Uma coleira mastigada em uma das extremidades, faltando dois
botões, uma desajeitada cama de cachorro e uma escudela de água
que se encontra fendada na borda.
Deixo para você metade de uma
bola de borracha, uma boneca rasgada, que você vai encontrar
debaixo da geladeira, um ratinho de borracha sem apito, que está
debaixo do fogão da cozinha e uma porção de ossos enterrados no
canteiro de rosas e sob o assoalho de minha cama. Além disso, eu
deixo para você a memória, que, aliás são muitas.
Deixo para você a memória de
dois enormes olhos marrons, a memória de uma caudinha curta e
espetada, de nariz molhado e de choradeiras atrás da porta.
Deixo
para você uma mancha no tapete da sala de estar junto á janela,
quando nas tardes de inverno eu me apropriava daquele lugar,
como se fosse meu, e me enrolava feito uma bolinha para pegar um
pouco de sol.
Deixo para você um tapete
esfarrapado em frente à sua cadeira preferida, o qual nunca foi
concertado com o tipo de linha certo, essa é a verdade. Eu o
mastiguei todinho, quando tinha ainda cinco meses de idade,
lembra-se? Também deixo para você a memória da primeira
surra que levei e também todo o meu esquecimento.

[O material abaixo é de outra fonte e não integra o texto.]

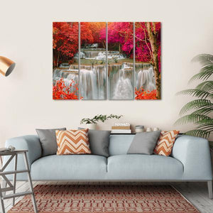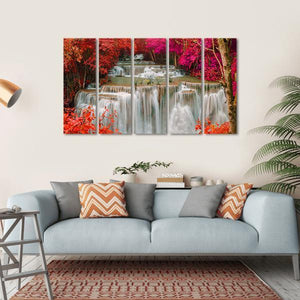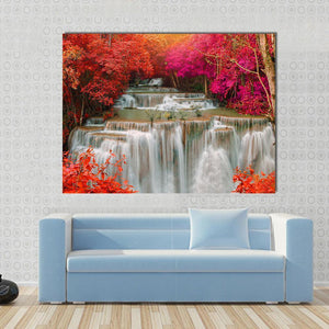 This canvas wall art features a serene landscape of a multi-tiered waterfall cascading through a vibrant jungle, surrounded by rich red and pink foliage. The sunlight filtering through the trees enhances the natural beauty, making it a stunning addition to any nature-themed decor.

Deixo para você um esconderijo
que fiz no jardim, debaixo dos arbustos perto da varanda da
frente, onde eu encontrava asilo durante aqueles dias de verão.

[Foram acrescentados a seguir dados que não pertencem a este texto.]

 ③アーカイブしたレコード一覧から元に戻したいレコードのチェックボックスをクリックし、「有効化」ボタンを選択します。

Ele deve estar cheio de folhas agora, e, por isso, talvez, você
tenha dificuldade em me encontrar. Sinto muito!
Deixo, também, e só para você,
o barulho que eu fazia ao sair correndo sobre as folhas de
outubro, quando nós vagabundeávamos pelo bosque.
Deixo,
ainda, a lembrança de momentos pelas manhãs quando
saíamos juntos pela margem do riacho, e você me dava aqueles
biscoitos de baunilha. Recordo-me das suas risadas, porque eu
não conseguia alcançar aquele coelho impertinente. Deixo-lhe
como herança minha devoção, minha simpatia, meu apoio quando as
coisas não andavam bem; meus latidos quando você levantava a voz
aborrecido... e minha frustração por você ter ralhado comigo
todas as vezes que eu colocava o nariz debaixo da cauda. Eu
nunca fui à igreja e nunca escutei um sermão. No entanto, mesmo
sem haver falado sequer uma palavra em toda a minha vida, deixo
para você o exemplo de paciência, de amor e compreensão.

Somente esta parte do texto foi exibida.